*** AVAILABLE RECORDS Section Begins ***

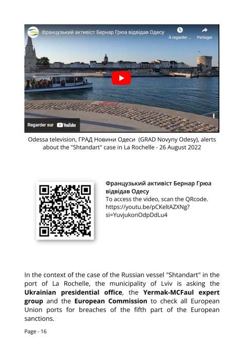 Odessa television, ГРАД Новини Одеси ️ (GRAD Novyny Odesy), alerts about the « Shtandart » case in La Rochelle – 26 August 2022
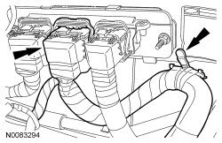 23. Connect the 4 RH ignition coil electrical connectors and the 2 engine wiring harness retainers to the RH valve cover studs.
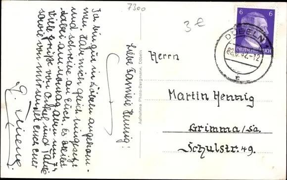Zustand, siehe Scan, gelaufen, 1942 - ca 14 cm X 9 cm
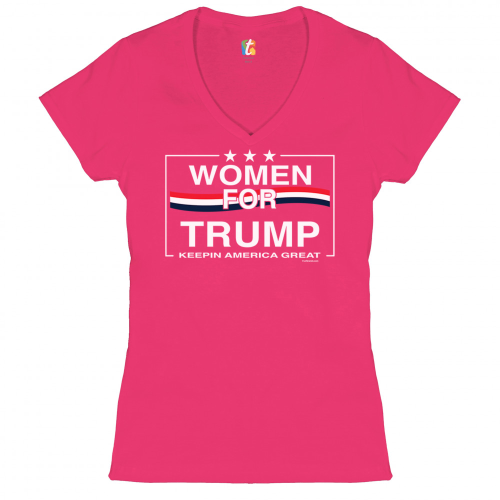 A political print saying "Women for Trump keepin America great". There are three stars above the caption and in the background there is a three-colored stripe. A great choice to wear for a Trump rally or give as a gift to a Donald Trump and Mike Pence supporter before 2020 presidential elections.
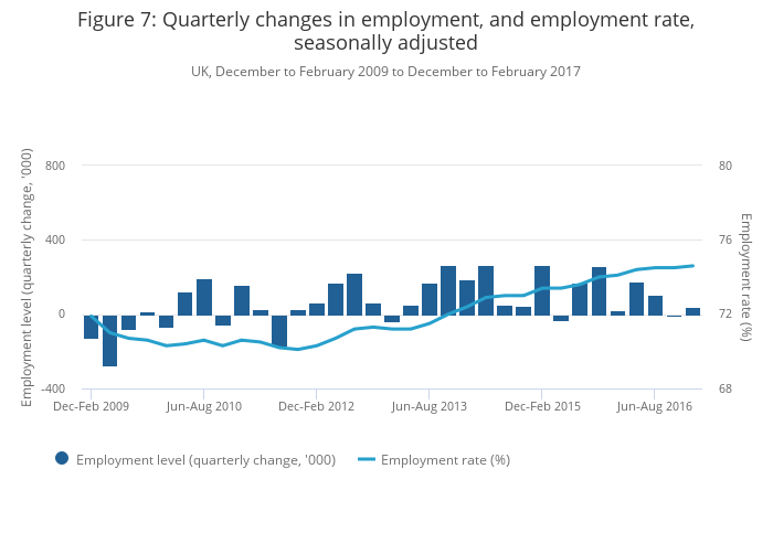 Headline labour market indicators show 39,000 more people in work in the 3 months to February 2017, driving the employment rate to 74.6%. As shown in Figure 7, the overall employment rate has been increasing since 2011.
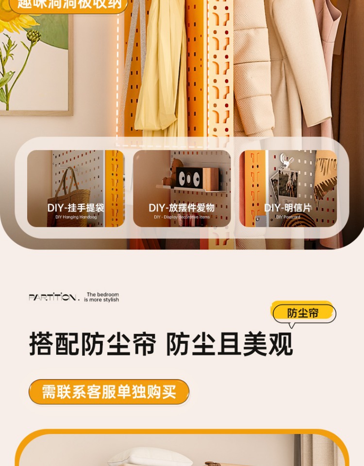 • 주황색과 흰색 3겹 - 길이 180cm, 깊이 40cm, 높이 200cm [천공판 + 방진커튼 + 옷걸이봉 포함]
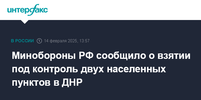 Минобороны РФ сообщило о взятии под контроль двух населенных пунктов в ДНР
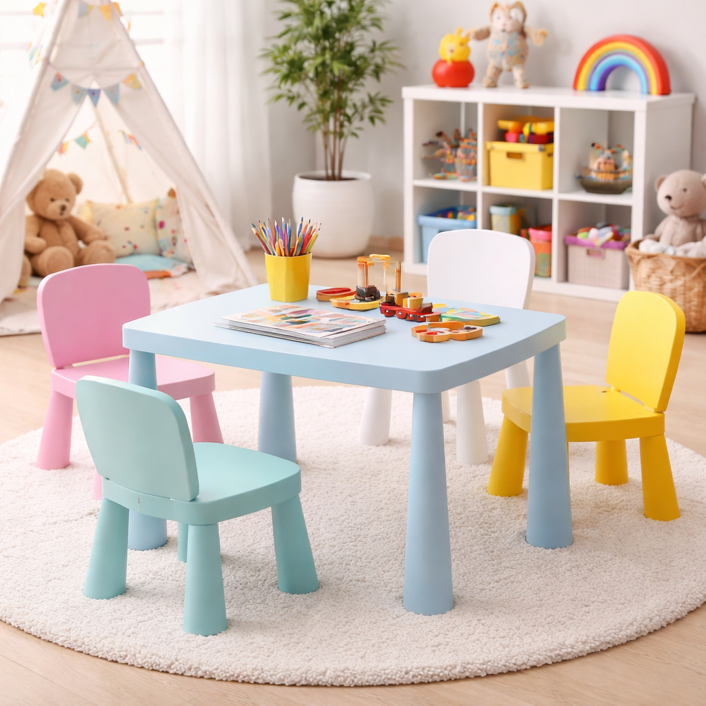 Masă copii pentru interior/exterior, dimensiuni: 77 × 55 cm.
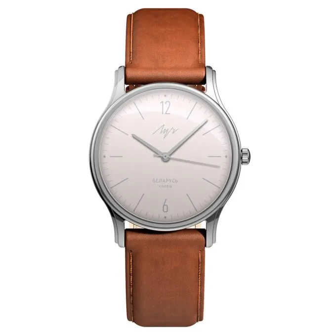 Даже не верится, что настолько чёткие часы выпускают в Беларуси. Они хороши во всём. Луч Casual 71650551 предлагают корпус из нержавеющей стали со светлым циферблатом, сапфировым стеклом и кожаным ремешком. При этом все внутренности в этой модели — японские Miyota.
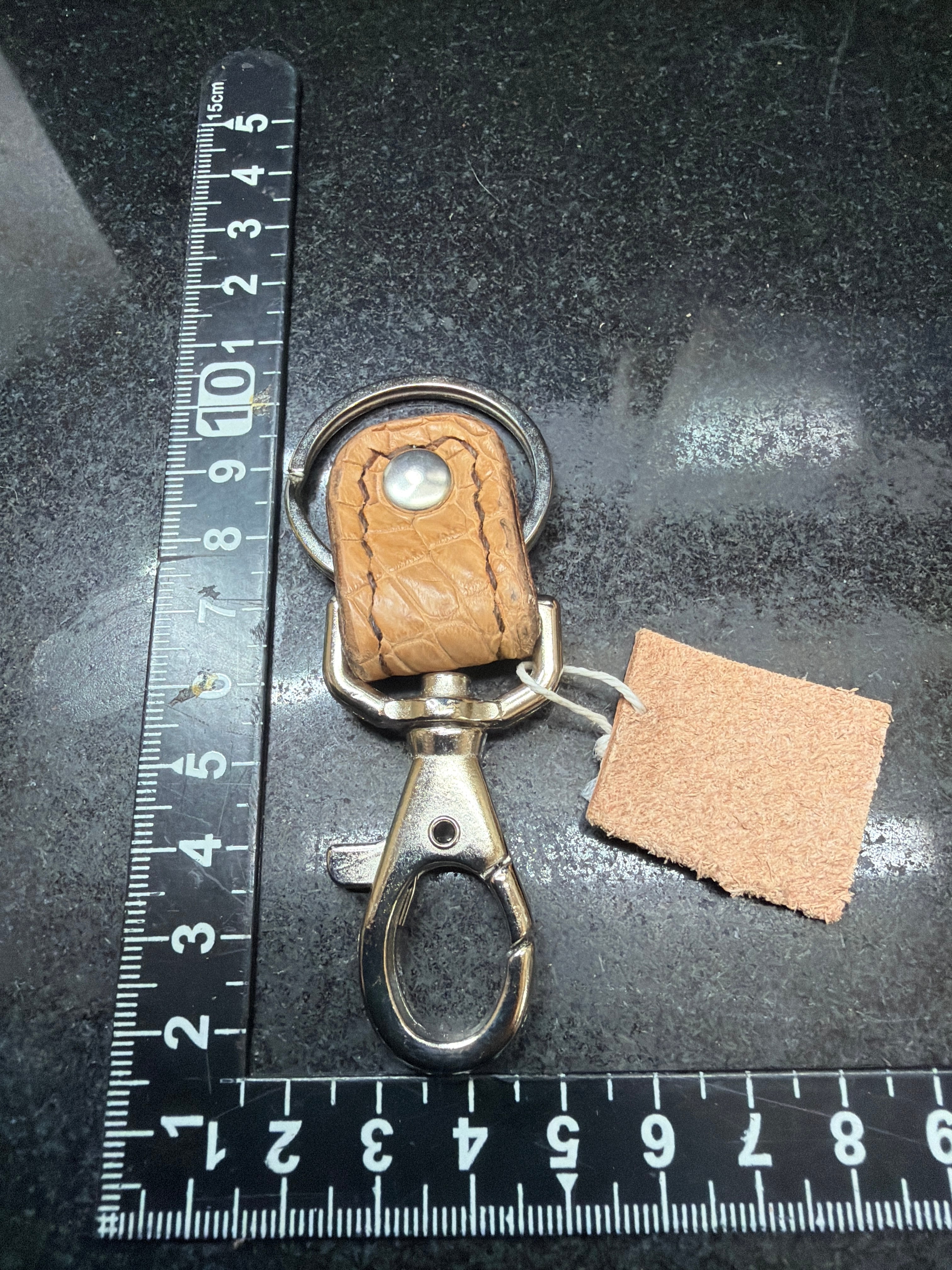 豪華なヌメ革スモールクロコダイルのライトキーホルダー

*** AVAILABLE RECORDS Section Ends ***

**EXERCISE DETAILS:**
For each record, return its text exactly and leave any picture out.

**TASK OUTPUT:**
 Odessa television, ГРАД Новини Одеси ️ (GRAD Novyny Odesy), alerts about the « Shtandart » case in La Rochelle – 26 August 2022
 23. Connect the 4 RH ignition coil electrical connectors and the 2 engine wiring harness retainers to the RH valve cover studs.
Zustand, siehe Scan, gelaufen, 1942 - ca 14 cm X 9 cm
 A political print saying "Women for Trump keepin America great". There are three stars above the caption and in the background there is a three-colored stripe. A great choice to wear for a Trump rally or give as a gift to a Donald Trump and Mike Pence supporter before 2020 presidential elections.
 Headline labour market indicators show 39,000 more people in work in the 3 months to February 2017, driving the employment rate to 74.6%. As shown in Figure 7, the overall employment rate has been increasing since 2011.
 • 주황색과 흰색 3겹 - 길이 180cm, 깊이 40cm, 높이 200cm [천공판 + 방진커튼 + 옷걸이봉 포함]
 Минобороны РФ сообщило о взятии под контроль двух населенных пунктов в ДНР
 Masă copii pentru interior/exterior, dimensiuni: 77 × 55 cm.
 Даже не верится, что настолько чёткие часы выпускают в Беларуси. Они хороши во всём. Луч Casual 71650551 предлагают корпус из нержавеющей стали со светлым циферблатом, сапфировым стеклом и кожаным ремешком. При этом все внутренности в этой модели — японские Miyota.
 豪華なヌメ革スモールクロコダイルのライトキーホルダー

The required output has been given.